Exercise prompt:
Repeat the listing below verbatim, without its images.

Available data:
----------------
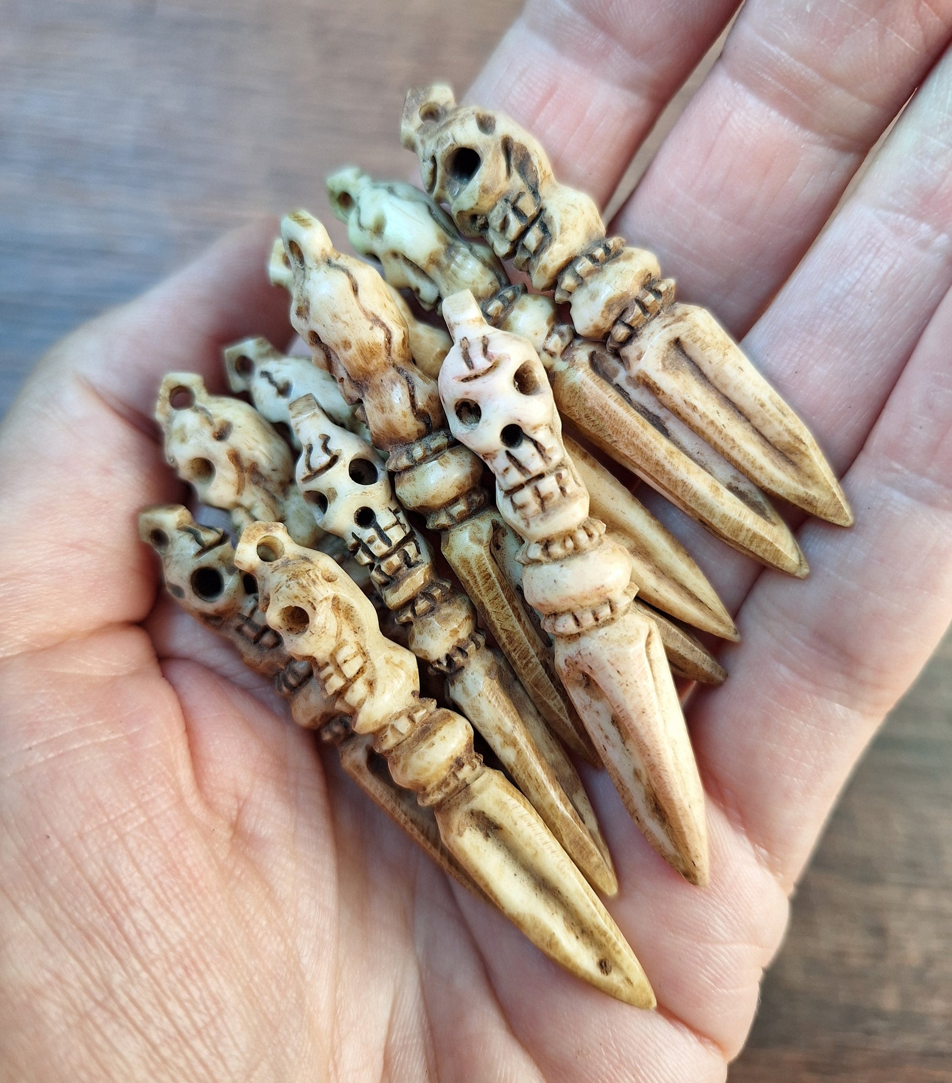 Multiple ones available, we will handpick one at random for you. Being all handcarved and from organic material, of course they all differ slightly in appearance. Length of each pendant is between 5,5 - 6 centimeters (measured including the eyelet). They are from vintage origin and therefore might have some minor damages and imperfections that come with age and previous usage, but overall they are in very good condition.
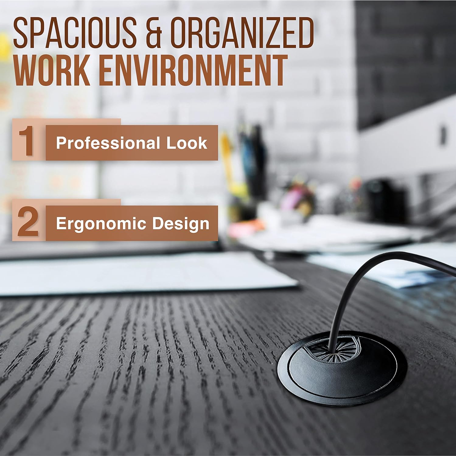 - Maintain Safety: Metal Desk hole cover serves as a cable organizer and protect cords from sharp edges by giving them a smooth surface and direct them appropriately through their openings to ensure a safe work area
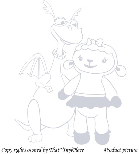 Dragon Stuffy e Lambie lampada da parete sticker 60 cm x 46 cm colore argento metallico medico, camera, DOC McStuffins, camera dei bambini stickers, vinile auto, finestre e autoadesivo della parete, muro di finestre Art, decalcomanie, ornamento vinile Thatvinylplace
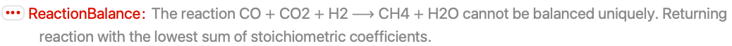 Wolfram Language. (2021). ReactionBalance. Wolfram Language & System Documentation Center. Retrieved from https://reference.wolfram.com/language/ref/ReactionBalance.html
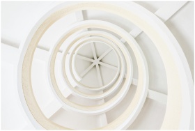 Explore this abstract spiral architecture with a modern minimalist design, featuring geometric white patterns.
----------------
Solution for this task:
 Multiple ones available, we will handpick one at random for you. Being all handcarved and from organic material, of course they all differ slightly in appearance. Length of each pendant is between 5,5 - 6 centimeters (measured including the eyelet). They are from vintage origin and therefore might have some minor damages and imperfections that come with age and previous usage, but overall they are in very good condition.
 - Maintain Safety: Metal Desk hole cover serves as a cable organizer and protect cords from sharp edges by giving them a smooth surface and direct them appropriately through their openings to ensure a safe work area
 Dragon Stuffy e Lambie lampada da parete sticker 60 cm x 46 cm colore argento metallico medico, camera, DOC McStuffins, camera dei bambini stickers, vinile auto, finestre e autoadesivo della parete, muro di finestre Art, decalcomanie, ornamento vinile Thatvinylplace
 Wolfram Language. (2021). ReactionBalance. Wolfram Language & System Documentation Center. Retrieved from https://reference.wolfram.com/language/ref/ReactionBalance.html
 Explore this abstract spiral architecture with a modern minimalist design, featuring geometric white patterns.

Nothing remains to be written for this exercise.